Coherence vs fidelity trade-off. The FS qubit (encoded in \({}^3P_0\) fine-structure states) has excellent coherence properties, but its state preparation relies on the same three-photon process whose fidelity is currently the bottleneck. At a given trap depth, improving one metric can come at the cost of the other. Breaking this trade-off likely requires deeper traps or alternative state-preparation pathways.
Future directions
Several extensions are already on the horizon:
- Curved trajectories and SWAP operations. Atoms need not travel in straight lines. Curved paths enable ancilla recycling — a qubit performs a gate, loops around, gets reinitialised, and returns for the next round. This is essential for quantum error correction, which consumes ancilla qubits at high rates.
- Fast spatial light modulators. Current SLMs update at kilohertz rates. Newer MEMS-based and acousto-optic devices reaching megahertz speeds would allow thousands of atoms to follow independent trajectories simultaneously.
- Moving optical lattices. Rather than tweezers, one could use counter-propagating beams to create a lattice that moves atoms in bulk. This offers a path to massive parallelism — thousands of atoms accelerated in lockstep.
- Velocity-aware quantum compilers. Given a target circuit and the physical constraints of velocity zones, find the optimal schedule of gate operations and velocity-class assignments — a rich problem at the intersection of quantum compilation and control theory.

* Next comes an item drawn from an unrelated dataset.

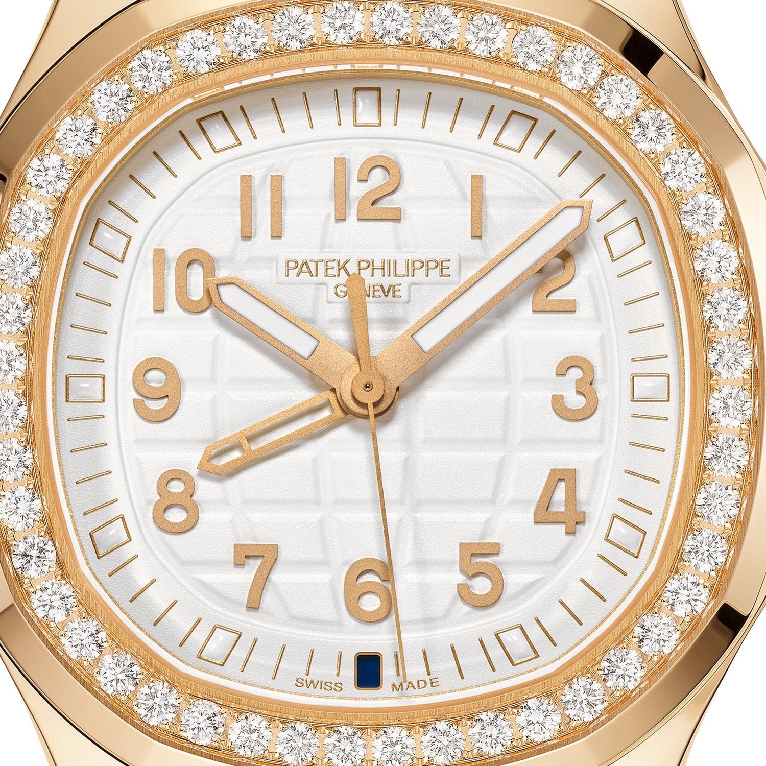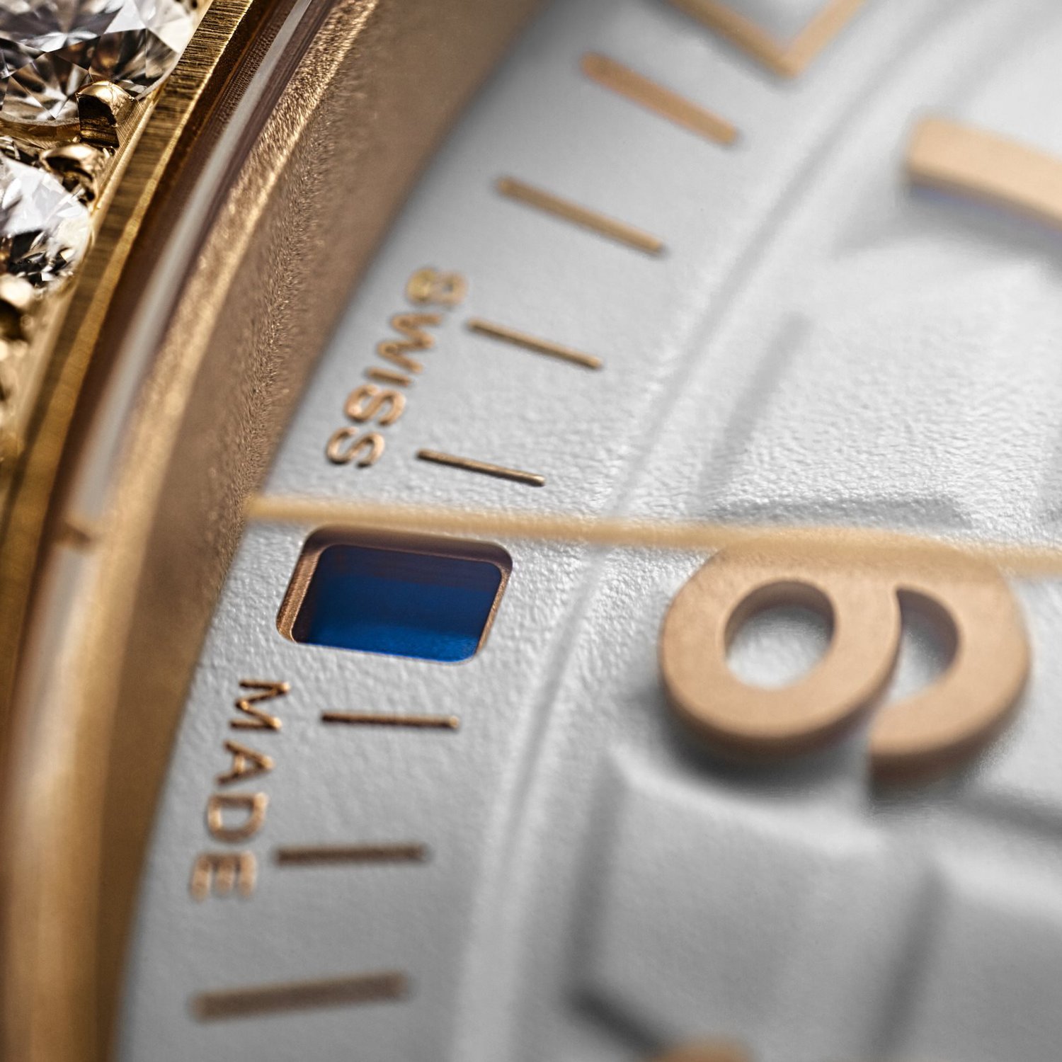 The horizontally embossed sunburst blue dial combines elegance and legibility, thanks to rose gold applied baton-style hour markers and rounded baton-style hands, all highlighted by a white luminescent coating.

Summary: zone-based vs velocity-enabled
| Zone-Based | Velocity-Enabled | |
|---|---|---|
| Selective control | Focused beams or spatial zones | Global beams + velocity classes |
| Transfer time | ~200 \(\mu\)s | ~26 \(\mu\)s |
| Transfer distance | ~100 \(\mu\)m | ~860 nm |
| Hardware | Complex local optics | Simpler global optics |
| Status | Demonstrated at scale | Building blocks demonstrated |
Closing thought
The velocity-enabled paradigm is not yet a complete quantum computer — it is a set of building blocks, each demonstrated individually, waiting to be assembled. But the building blocks are compelling. They offer faster control, simpler hardware, and a natural path to parallelism. The gap between “building blocks demonstrated” and “system demonstrated” is real, but it is an engineering gap, not a physics gap. The physical principles are sound; what remains is the hard, patient work of integration.
For researchers entering this field, that gap is an opportunity. The compiler problem is open, the optimal trajectories are unknown, and the best atomic species may not yet have been tried. Velocity-enabled quantum computing is a young idea with considerable room to grow — and, we think, a genuinely good one.